Maybe this was a mash up of two original separate psalms. Maybe they were even
written by two totally different people who had totally different life experiences.
One had a blessed life and could easily connect with the presence of God. The other
had a troubled life and could easily feel alone, disconnected from the divine
presence.
Maybe.
But the way it is given to us as one psalm, it is a lot like real life. As someone wrote:
“It is cyclic, just as our lives are. We praise. We cry. We praise. It’s the stuff of our
existence.”(Beth Tanner: Commentary on Psalm 27, Workingpreacher.com)
It seems quite familiar right?
Hiding under the wings and then squirming to be free of them; resting in the shelter
and presence of God and then feeling all alone and abandoned. Seeking God with all
our hearts and then turning toward whatever shiny idol captivates our attention.

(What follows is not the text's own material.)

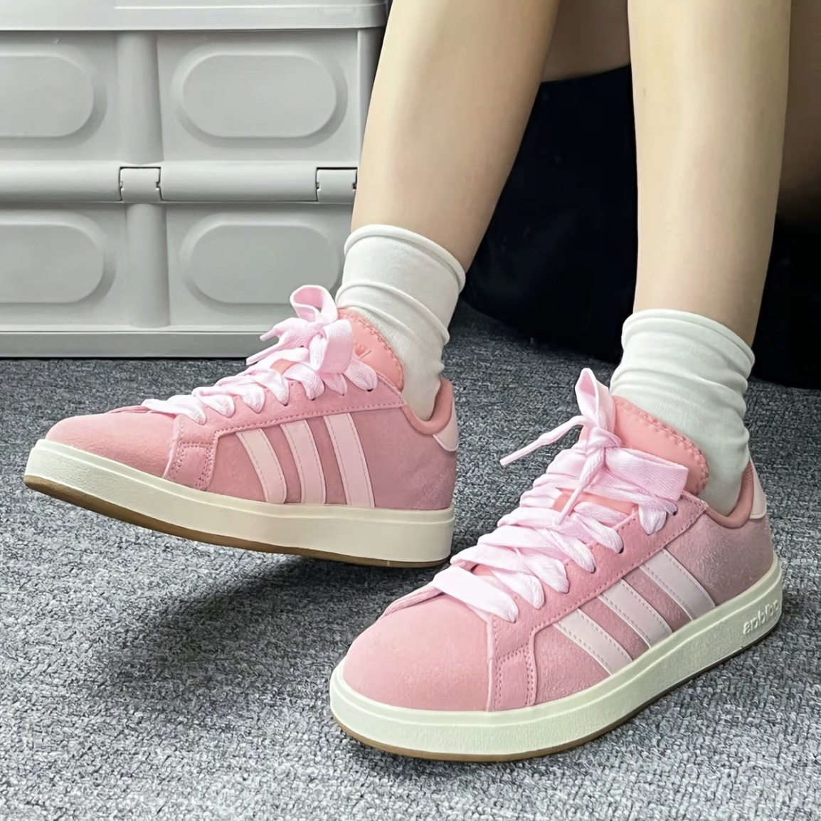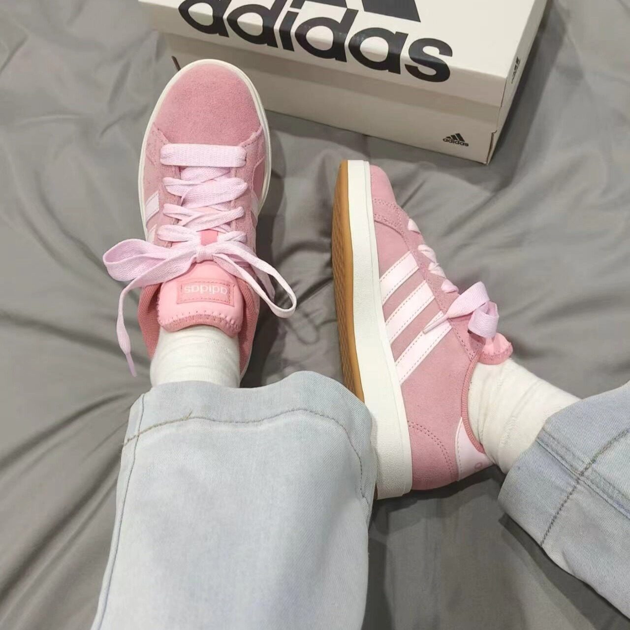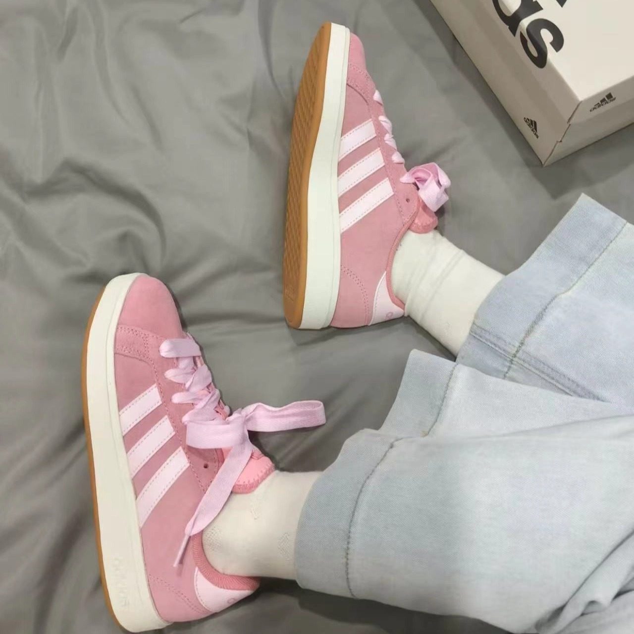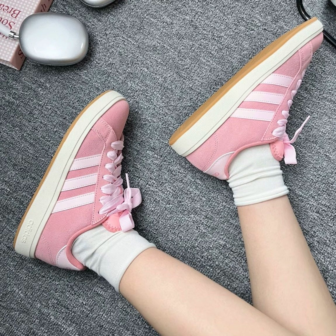 Adidas阿迪达斯正品草莓熊女鞋粉色运动德训鞋男复古休闲T头板鞋

Gaining mastery over our temptations, then indulging them yet again. Believing God
is right here and for us; and then wondering why my prayers keep bouncing off the
ceiling and going no where.
From the darkness, in the valley, the psalmist rallies, with a renewed praise of trust
in God who will see us through. God will not fail even if everything and everyone
else does. It’s one thing to sing it when you’re on top of the mountain; it’s another to
still hum the tune when you’re in the valley. The power of this psalm, like the whole
gospel itself, is both its realism and its strength. While the rhythm of the verse
echoes our real lives, it begins and then ends with words we can cling to throughout
life’s peaks and valleys:
The Lord is my light and my salvation; whom shall I fear?
The Lord is the stronghold of my life, of whom shall I be afraid?
I believe that I shall see the goodness of the Lord in the land of the living.
Wait for the Lord; be strong, and let your heart take courage.
Wait for the Lord.
Whatever is most true of your own prayers and your own heart today, may these
prayers also rise from your lips and draw your heart up with them. The Lord is my
light and my salvation; the Lord is the stronghold of my life.